- **Provided data**
════════════════════

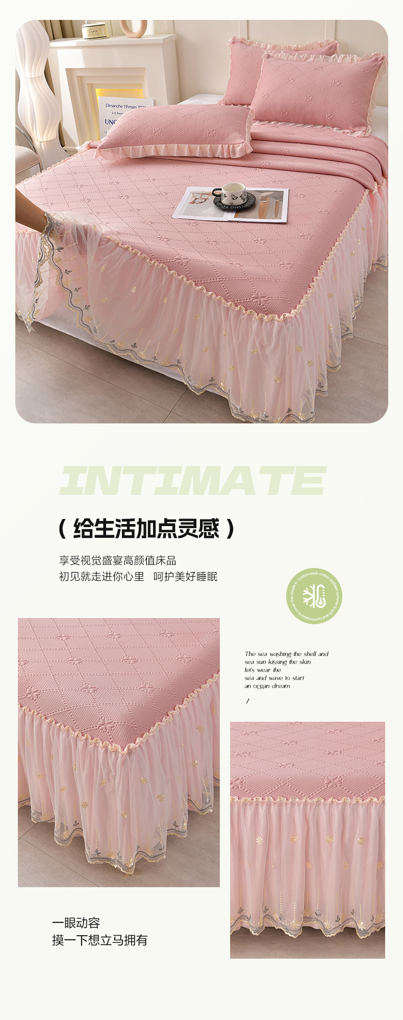 商品名称:畅畅家纺 2026新款网红爆款夏季立体爱心冰豆豆凉席床裙款三件套 爱心-豆沙粉
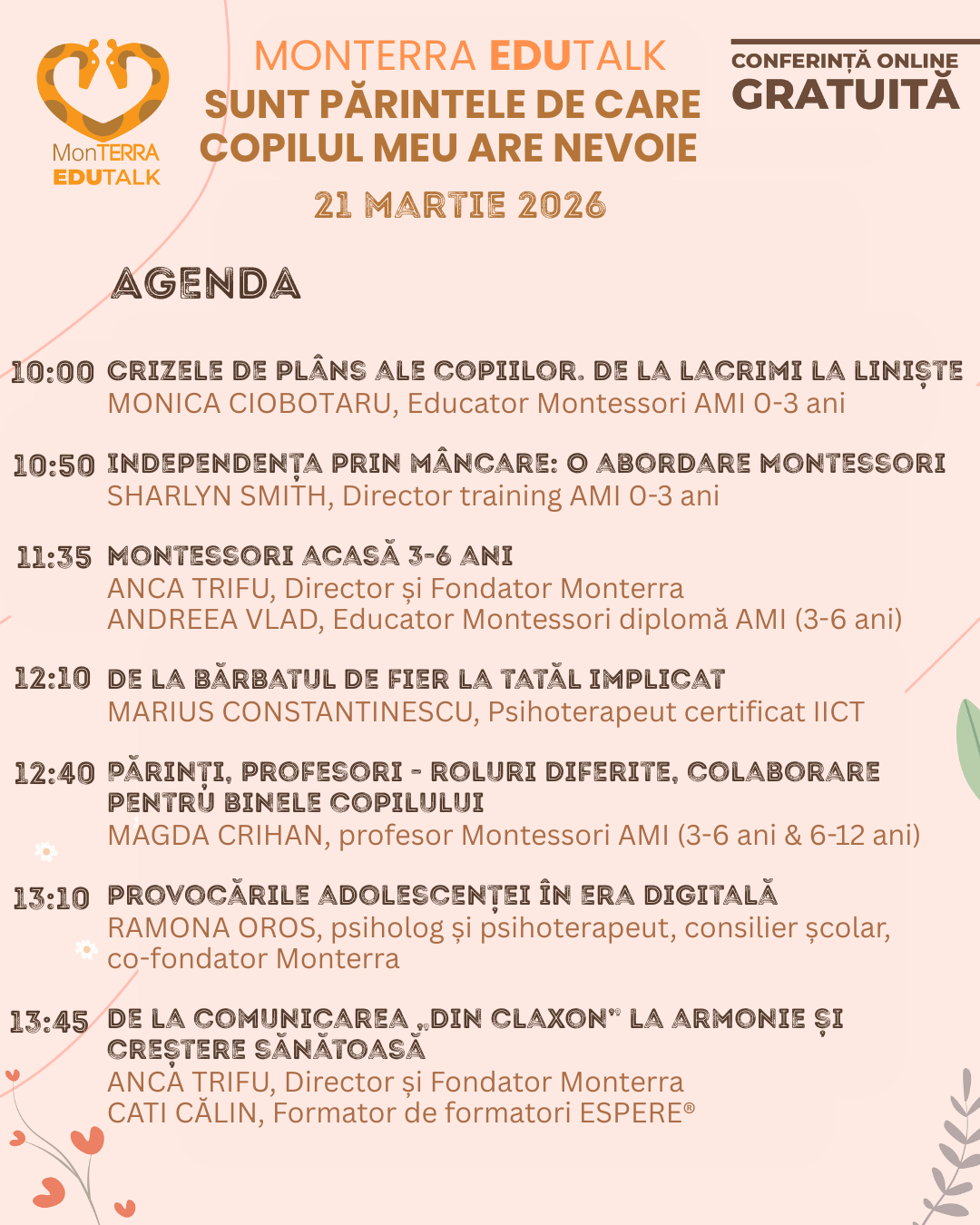 Te rugăm sa îți exprimi consimțămantul de a-ți transmite informații interesante despre educația Montessori, parenting și oferte, inițiative sau proiecte Monterra, prin intermediul Newsletter-elor noastre periodice. Prin abonare accepți prelucrarea datelor personale, iar acestea vor fi folosite în mod responsabil și în conformitate cu Nota de informare privind protecția datelor personale - aici *
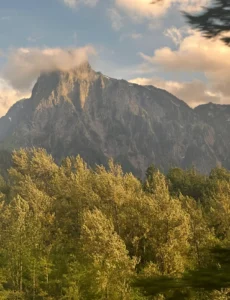 Upon leaving Seattle, the views of Puget Sound and then the Cascade Range east of Seattle were magnificent. I found myself viewing large expanses of sparkling, sun-lit water and then suddenly, in the woods, with the train right up against rising boulders ascending into deep, deep forests. Then, after emerging from this dark, beautiful landscape, there were high peaks both close and in the distance. These, I thought, were some of the views I had hoped to behold.

════════════════════

- **Exercise**
Output the material above exactly as written and drop any images it holds.

- **Response box**
 商品名称:畅畅家纺 2026新款网红爆款夏季立体爱心冰豆豆凉席床裙款三件套 爱心-豆沙粉
 Te rugăm sa îți exprimi consimțămantul de a-ți transmite informații interesante despre educația Montessori, parenting și oferte, inițiative sau proiecte Monterra, prin intermediul Newsletter-elor noastre periodice. Prin abonare accepți prelucrarea datelor personale, iar acestea vor fi folosite în mod responsabil și în conformitate cu Nota de informare privind protecția datelor personale - aici *
 Upon leaving Seattle, the views of Puget Sound and then the Cascade Range east of Seattle were magnificent. I found myself viewing large expanses of sparkling, sun-lit water and then suddenly, in the woods, with the train right up against rising boulders ascending into deep, deep forests. Then, after emerging from this dark, beautiful landscape, there were high peaks both close and in the distance. These, I thought, were some of the views I had hoped to behold.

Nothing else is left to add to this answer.